• RECORDED DATA
━━━━━━━━━━━━━━━━

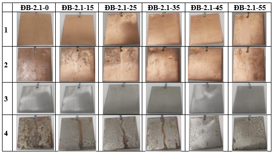 Từ kết quả thử nghiệm nhiệt ẩm với hơi ẩm ngưng tụ trong bình kín cho thấy, mẫu trắng 0 g/L và mẫu thép CT3 với hàm lượng chất ức chế ăn mòn 15 g/L xuất hiện các điểm ăn mòn nhỏ trên bề mặt và mép cạnh mẫu ở chu kỳ thứ 25. Trong khi các mẫu còn lại có nồng độ 25 g/L đến 55 g/L chưa xuất hiện vết ăn mòn trên bề mặt mẫu.
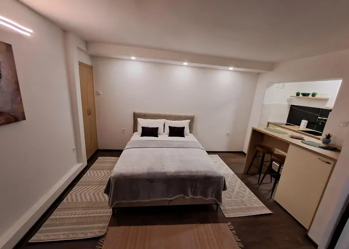 The 40 m² Apartman Ae Mostar is located just 0.8 km from Spanish Square and about a 20-minute walk from the War Photo Exhibition. Staying in this 1-bedroom apartment, nestled within reach of the rebuilt 16th-century Ottoman Old Bridge, guests can relax on a terrace.
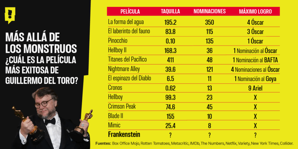 Con motivo del estreno de Frankenstein en Netflix, Spoiler realizó un análisis de sus 13 largometrajes, el cual permite responder una pregunta que trasciende el gusto personal: ¿Cuál es realmente su película más exitosa?
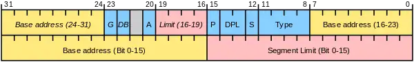 全局描述表用于内存地址的转换。所有程序的内存访问都需要用到GDT中的有关内存区域即x86内存分段的信息。访问GDT需要使用segment selector和segment offset。处理器使用segment selector为索引查找GDT的条目。当适当的条目找到后,处理器将会做一系列的检查,包括检查segment offset尝试访问区间是否在此内存分段内,代码是否有权限访问此内存分段(检查分级保护域权限)等。[1]
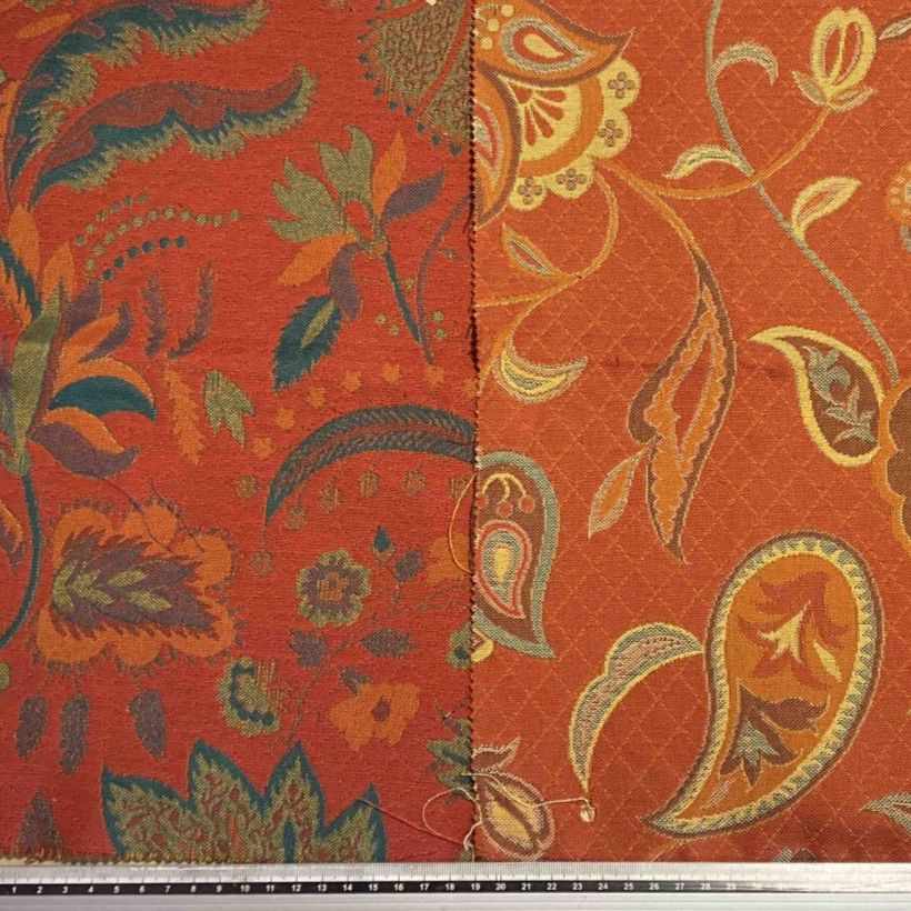 Jacquard fleurs médiévales sur fond couleurs brique.
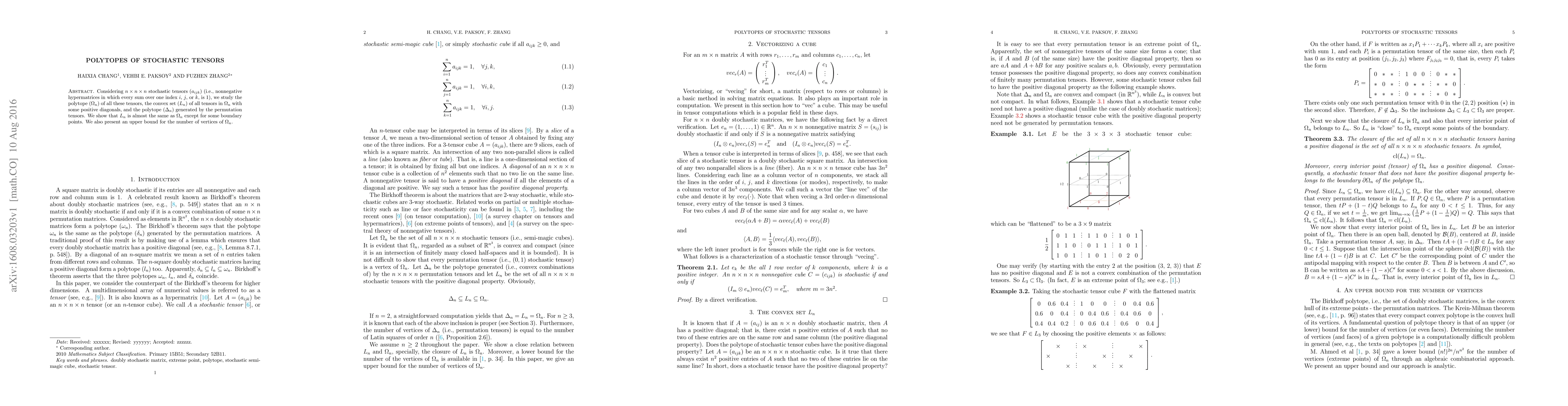 This paper investigates the polytopes of $n\times n\times n$ stochastic tensors, demonstrating that the convex set with positive diagonals ($L_n$) closely resembles the full set ($\Omega_{n}$) except for boundary points, and provides an upper bound for the number of vertices in $\Omega_{n}$.

━━━━━━━━━━━━━━━━

• REQUIREMENT
Reproduce, word for word, the lines from the one containing "Jacquard fleurs médiévales" to the end of the material, both ends included. No picture is copied.

• WORKED SOLUTION
 Jacquard fleurs médiévales sur fond couleurs brique.
 This paper investigates the polytopes of $n\times n\times n$ stochastic tensors, demonstrating that the convex set with positive diagonals ($L_n$) closely resembles the full set ($\Omega_{n}$) except for boundary points, and provides an upper bound for the number of vertices in $\Omega_{n}$.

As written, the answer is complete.